A custom-built rack for the Maia 100 AI Accelerator and “sidekick” that cools the chips at Microsoft’s lab in Redmond, Washington (Image by Microsoft).
Partnership with Nvidia
In addition to new chips, Microsoft is also continuing to build its AI infrastructure in close collaboration with other silicon vendors and industry leaders, such as Nvidia and AMD. Azure is working closely with Nvidia to leverage Nvidia H100 Tensor Core (GPU) GPU-based virtual machines for medium to large AI workloads, including the Azure Confidential VM.
The NC H100 v5 series of virtual machines (VMs), now available for public preview, is the latest addition to Microsoft’s portfolio of dedicated high-performance computing (HPC) infrastructure. and AI workloads. The new Azure NC H100 v5 series is powered by Nvidia Hopper generation H100 NVL 94GB PCIe Tensor Core GPUs and 4th generation AMD EPYC Genoa processors, which provide powerful performance and flexibility for a wide range of AI and HPC applications.

Chairman and CEO Satya Nadella and Nvidia founder Chairman and CEO Jensen Huang at Microsoft Ignite 2023 (Image by Microsoft).
Azure NC H100 v5 VMs are designed to accelerate a wide range of AI and HPC workloads, including:
- Medium-range model training and generative inference: unlike the massively scalable ND-series powered by the same Nvidia Hopper technology, the NC-series is optimized for training and inference of AI models that require smaller data sizes and fewer GPU parallelisms. These include generative AI models such as DALL-E, which creates original images based on text queries, as well as traditional discriminative AI models such as image classification, object detection, and natural language processing focused on predictive accuracy rather than generating new data. .
- Traditional HPC modeling and simulation workloads: Azure NC H100 v5 VMs are also an ideal platform for running a variety of HPC workloads that require high compute, memory and GPU acceleration. These include scientific workloads such as computational fluid dynamics (CFD), molecular dynamics, quantum chemistry, weather forecasting and climate modeling, and financial analytics.

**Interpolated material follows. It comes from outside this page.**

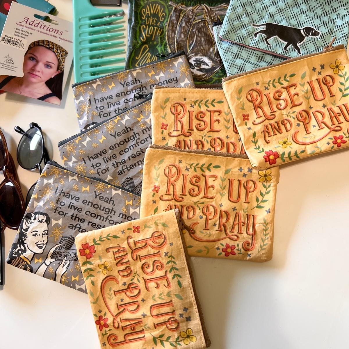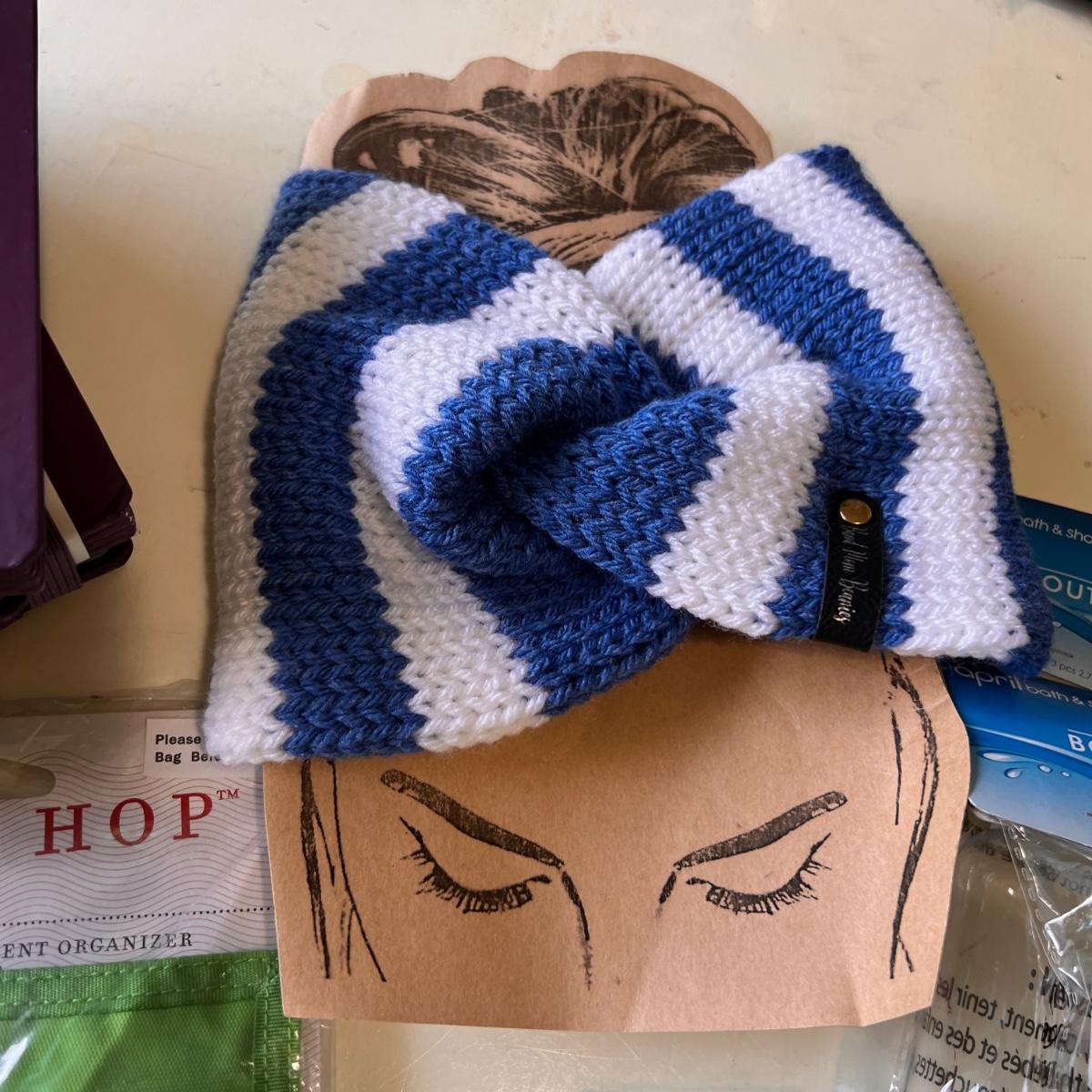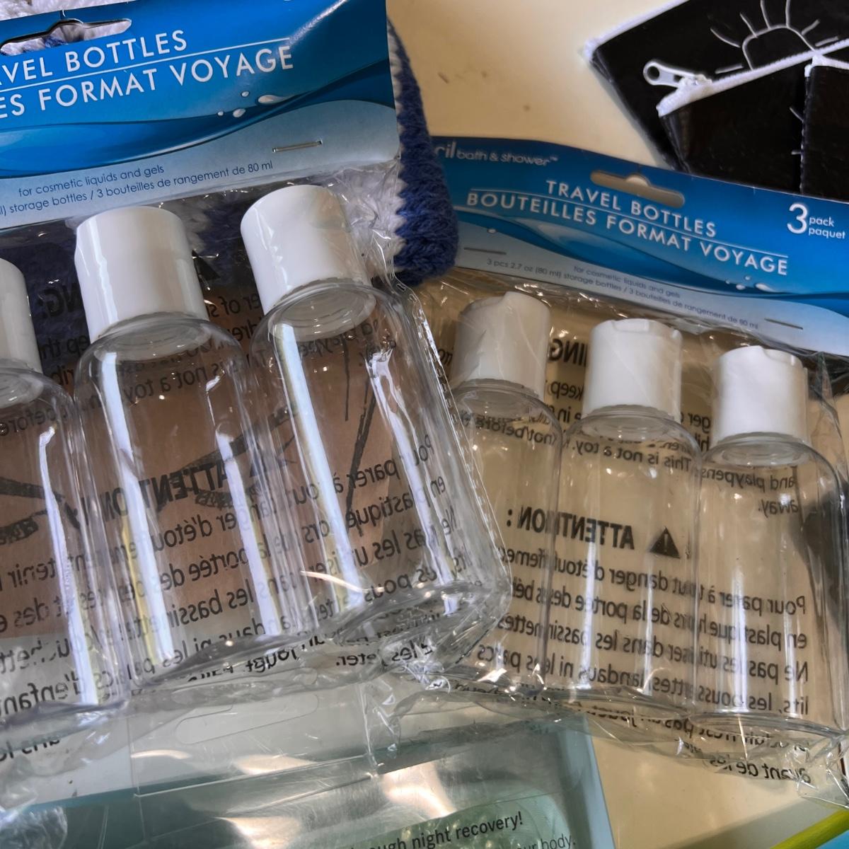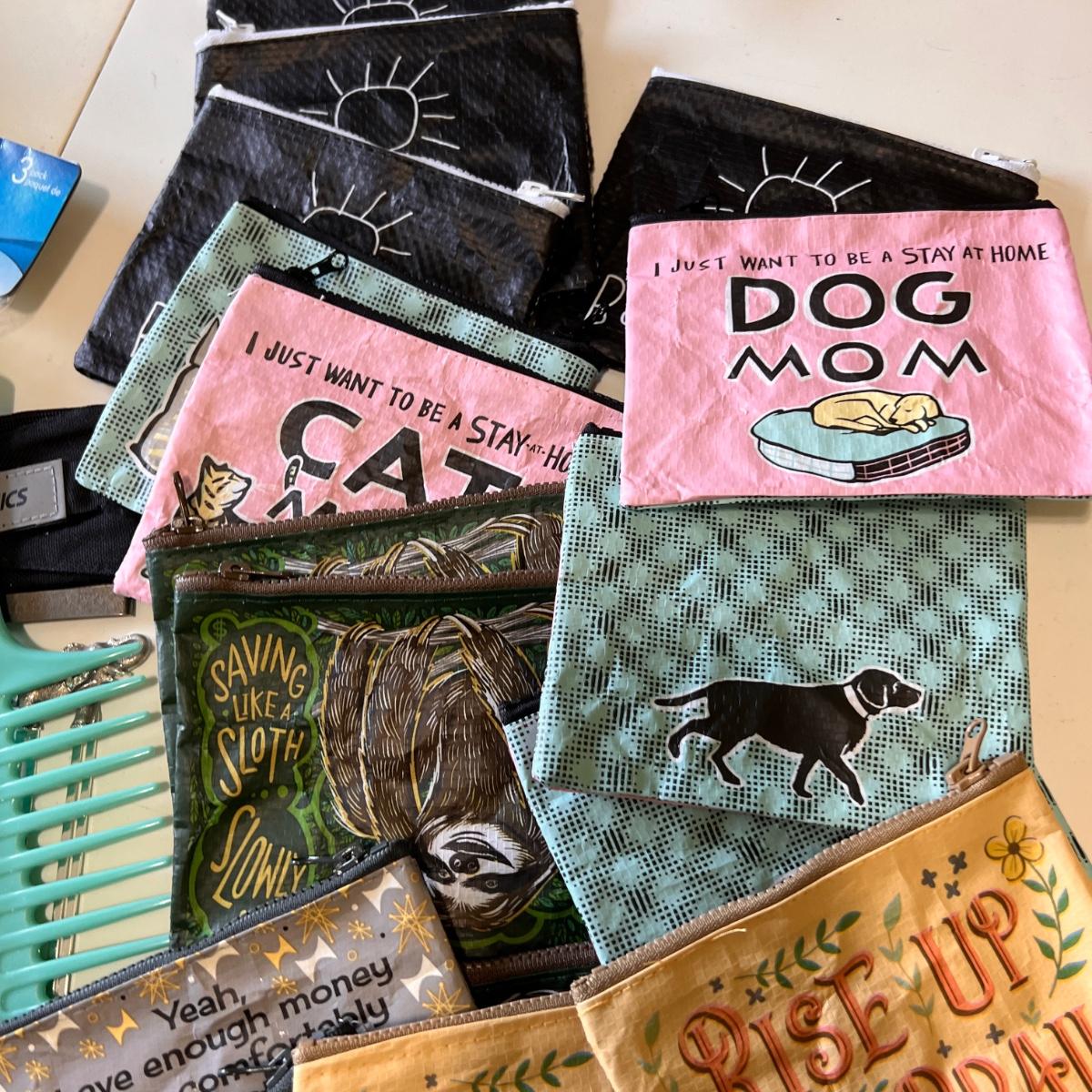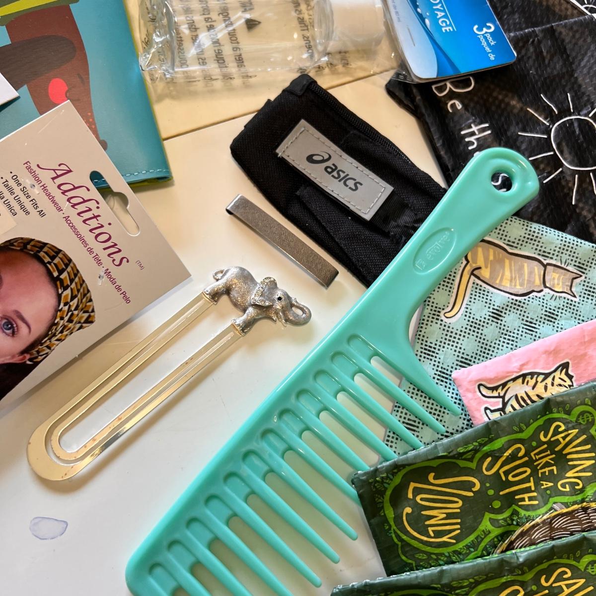 Multiple small decorative change purses, 2 fashion headbands, 1 knit headband ear warmer, 2 reusable bags, travel product bottles, sunglasses, organizers, shopping notepad and organizers plus more.

Nvidia also introduced an AI casting service to power the development and tuning of custom generative AI applications for enterprises and startups that are deployed on Microsoft Azure.

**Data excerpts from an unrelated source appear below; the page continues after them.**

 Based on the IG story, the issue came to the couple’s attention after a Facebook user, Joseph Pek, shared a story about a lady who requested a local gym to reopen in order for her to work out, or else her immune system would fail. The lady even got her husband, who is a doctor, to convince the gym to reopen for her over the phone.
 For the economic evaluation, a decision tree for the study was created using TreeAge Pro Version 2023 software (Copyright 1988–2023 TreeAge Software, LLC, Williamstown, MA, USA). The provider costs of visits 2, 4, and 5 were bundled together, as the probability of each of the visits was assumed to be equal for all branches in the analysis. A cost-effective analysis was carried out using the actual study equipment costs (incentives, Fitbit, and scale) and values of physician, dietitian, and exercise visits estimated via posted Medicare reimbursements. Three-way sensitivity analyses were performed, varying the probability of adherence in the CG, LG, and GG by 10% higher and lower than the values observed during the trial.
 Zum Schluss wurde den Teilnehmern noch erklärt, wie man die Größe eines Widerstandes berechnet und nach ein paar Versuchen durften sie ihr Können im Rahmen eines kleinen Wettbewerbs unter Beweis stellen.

The Nvidia AI foundry service brings together three elements – the Nvidia AI core model collection, the Nvidia NeMo framework and tools, and the Nvidia DGX Cloud AI supercomputing service – that give enterprises an end-to-end solution for creating custom generative AI models. Companies can then deploy their custom models with Nvidia AI Enterprise software to power generative AI applications, including intelligent search, summarization and content generation.

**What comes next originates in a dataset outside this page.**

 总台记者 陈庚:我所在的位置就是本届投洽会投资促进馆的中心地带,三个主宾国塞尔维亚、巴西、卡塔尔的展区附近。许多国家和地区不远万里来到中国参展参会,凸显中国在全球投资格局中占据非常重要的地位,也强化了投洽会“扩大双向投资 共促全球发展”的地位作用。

“Enterprises need custom models to perform specialized skills trained on their company’s proprietary DNA – their data,” said Jensen Huang, founder and CEO of Nvidia. “Nvidia’s AI casting service combines our generative AI model technologies, LLM training expertise and a massive AI factory. We’ve built this into Microsoft Azure so that businesses around the world can connect their custom model with Microsoft’s world-leading cloud services.”